In case you missed it, and Games Workshop certainly hope you
didn’t, the rules for Age of Sigmar released this past weekend on the GW
website and physical copies of the game hit store shelves July 11. Age of
Sigmar replaces the company’s flagship fantasy miniatures title, Warhammer
Fantasy Battle, with what the company says is a completely new rules system,
one focused more on single figures than on the unit to unit combat. Long a
mainstay of WFB and still common in historical miniature rules, the new
movement rules mark a movement (so to speak) away from WFB and closer to the
company’s much more popular Warhammer 40,000 rules.
The addition of “War
Scrolls”, specific rules for each box set included with the figure or printable
from the GW website and the replacement of points balancing each army with
“objectives”, also long a staple of historic miniature combat are also major
changes to the system. The last major change of which I know is the elimination
of army lists. Instead of choosing figures from a set list limiting the figures
in a player’s army, a player will now have the ability to mix and match any
figures they wish, making a force of Empire, Lizardmen and Tomb Kings possible.
Why the change? Two reasons come to mind:
1.
Warhammer Fantasy Battle has never reached the
sales level in the US that it has in the UK. Warhammer 40,000 sales have always
(White) Dwarfed Warhammer Fantasy Battle
sales in the US. In our store Warhammer 40,000 outsells Warhammer Fantasy
Battle by a factor of over 10 to 1 and this is not atypical throughout the US.

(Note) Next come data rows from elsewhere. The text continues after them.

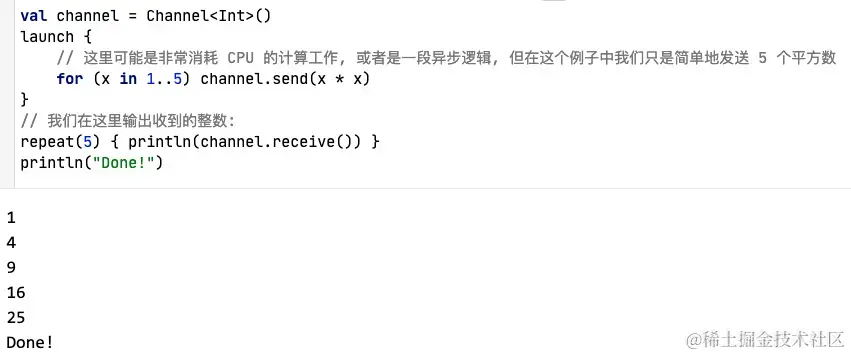 ReceiveChannel:通道的数据接受的封装对象,producer产生数据后返回的对象即时这个对象,封装了产生的数据(具体可以参考上面的代码)。
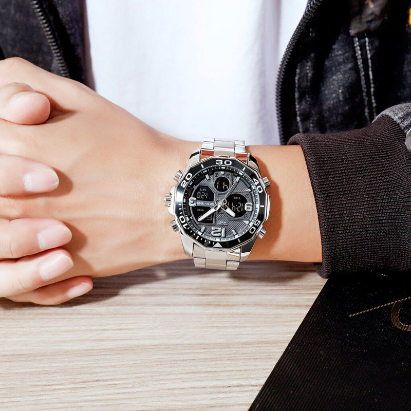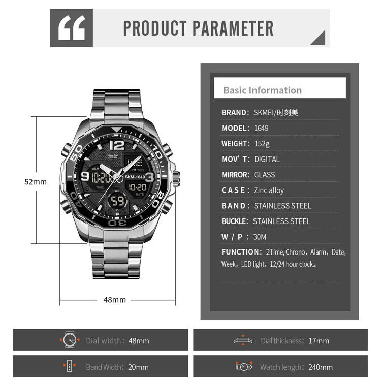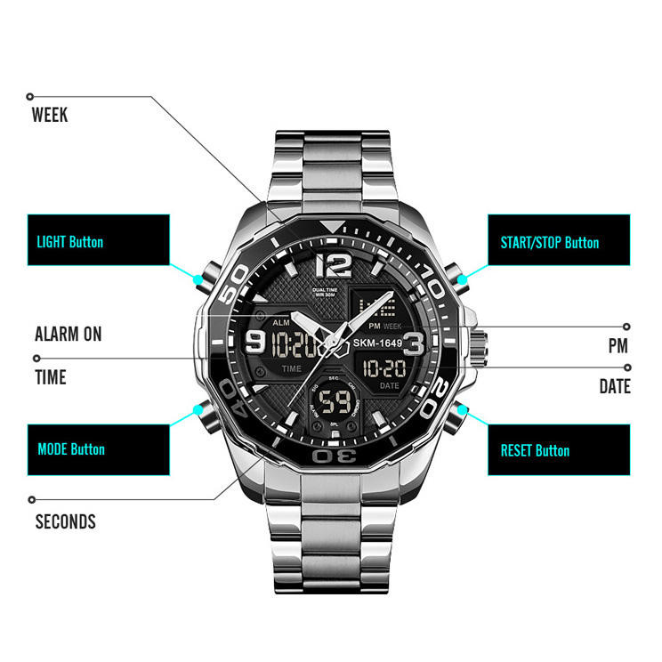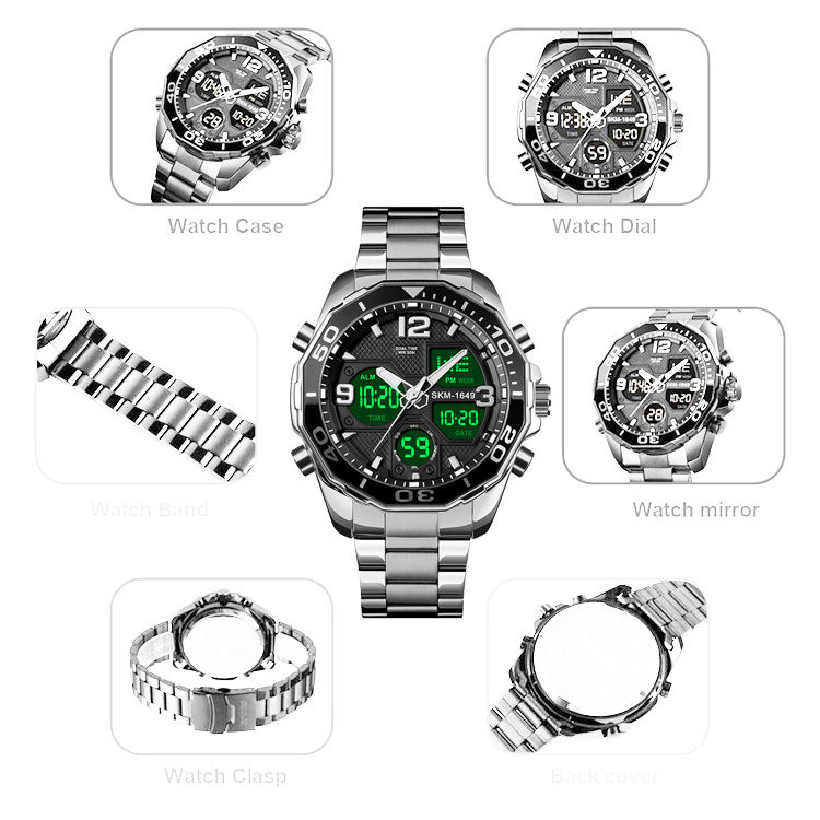 نمایش 24 ساعته , نمایش ساعت دوم , تاریخ شمار , نور پس زمینه , تایمر , آلارم
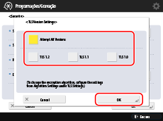 Os limites inferiores das versões de TLS podem ser programados em [Especif. versões permit.] em [Programações TLS] na máquina. Para obter informações sobre como alterar a versão de TLS da máquina, consulte o "Manual do utilizador".
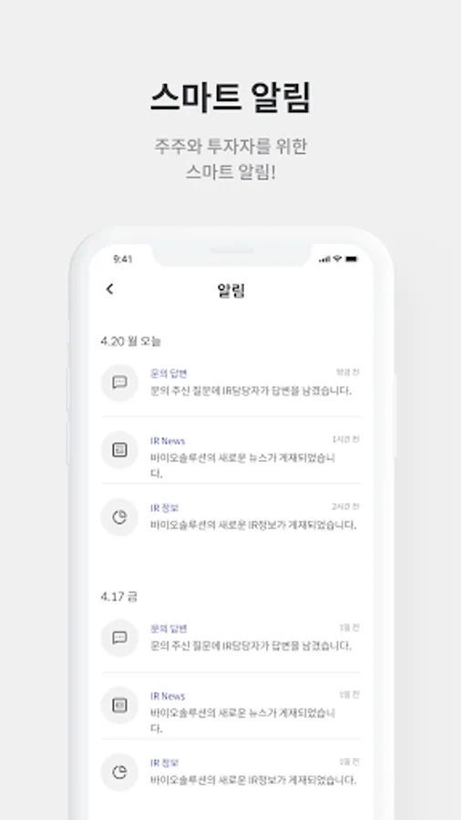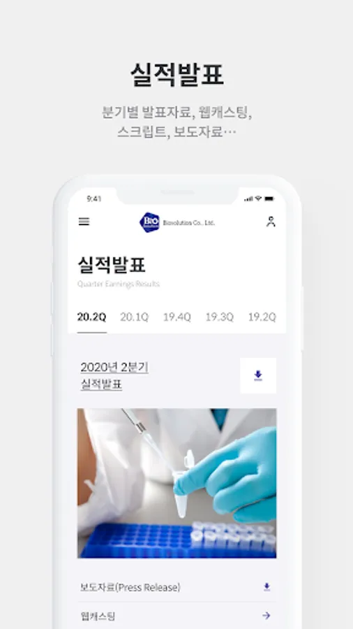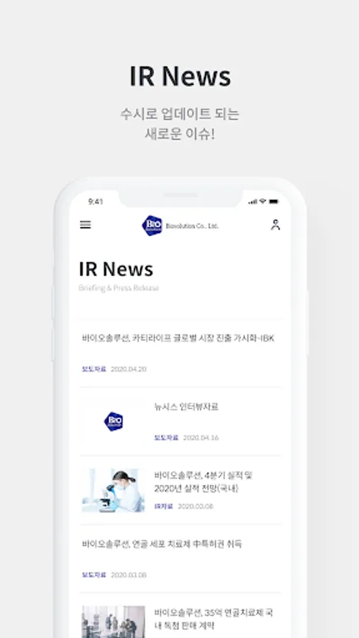 This app provides the latest IR information such as real-time stock price, IR schedule, quarterly earnings release data, various IR news, major business reports, financial information, disclosure, and IR contact information.
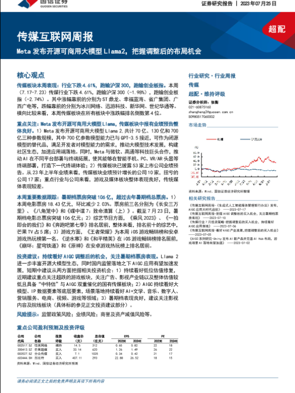 【国信证券】【20230725】传媒互联网周报:Meta发布开源可商用大模型Llama2,把握调整后的布局机会-21页 行业研究
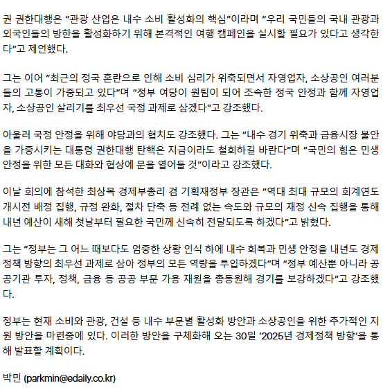 與 “내년 예산, 시장 예상 뛰어넘는 파격적 조기 집행해야”ㅡ 할 일 못하고 주장만 하냐
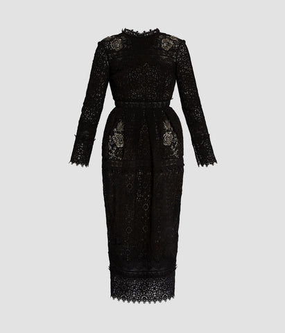 Look 1: Hourglass dress in embroidered black guipure worn with embroidered ivory guipure collar. Styled with Mini Bloom Bag in grass green velvet.

Despite multiple rules changes and upgrades, Warhammer Fantasy Battle shows no signs of every
attaining anything close to Warhammer 40,000 sales in the huge US market. So,
Games Workshop could either launch a 9th edition of the game and see
a slight sales increase, based on past trends, until the newness wore off, or
it could launch what it perceives as a brand new game, using the company’s vast
collection of already produced figures but give players a new and easier way to
use them and look for the larger sales increases that accompany a “new”
product.
.
Games Workshop is a miniatures company. It produces games in order to give people a
reason to buy its miniatures. Games Workshop has produced wonderful boardgames
in the past, Talisman and DungeonQuest come to mind, but turned them over to
other companies to produce because they did not fit the business model GW had
adopted. Similarly, GW stopped supporting miniatures games it produced, such as
Man o’ War, Blood Bowl and Mordenehim, because the number of miniatures the
company could sell for each game did not hit the levels of a Warhammer 40,000
or even a Warhammer Fantasy Battle. New or upgraded rules mean
more miniatures for players in the Games Workshop hobby (At one time,
and it may still for all I know, GW viewed itself as its own “hobby”, distinct
from miniatures games) to buy and as GW encourages WYSIWYG (What You See IS
What You Get) in its game play and a new army list calls for miniatures
somewhat different from miniatures from the previous army list, new rules and
army lists mean a steady stream of miniatures purchases from its avid player base
(I always tell customers looking to get into playing miniatures that, while it
is less expensive to get into games such as Warmachine or Infinity, GW has the
advantage in that it is played EVERYWHERE.
Will Age of Sigmar succeed? As someone selling the game, I
hope so, as a successful AoS launch would certainly kickstart (in the original
use of the term, not the modern capitalized use) sales of existing WFB figures.
Reports from stores that received demo copies of the game early have been
favorable, with customers showing lots
of interest and asking about a release date-July 11. So, Farewell to the End
Times and welcome to the Age of Sigmar!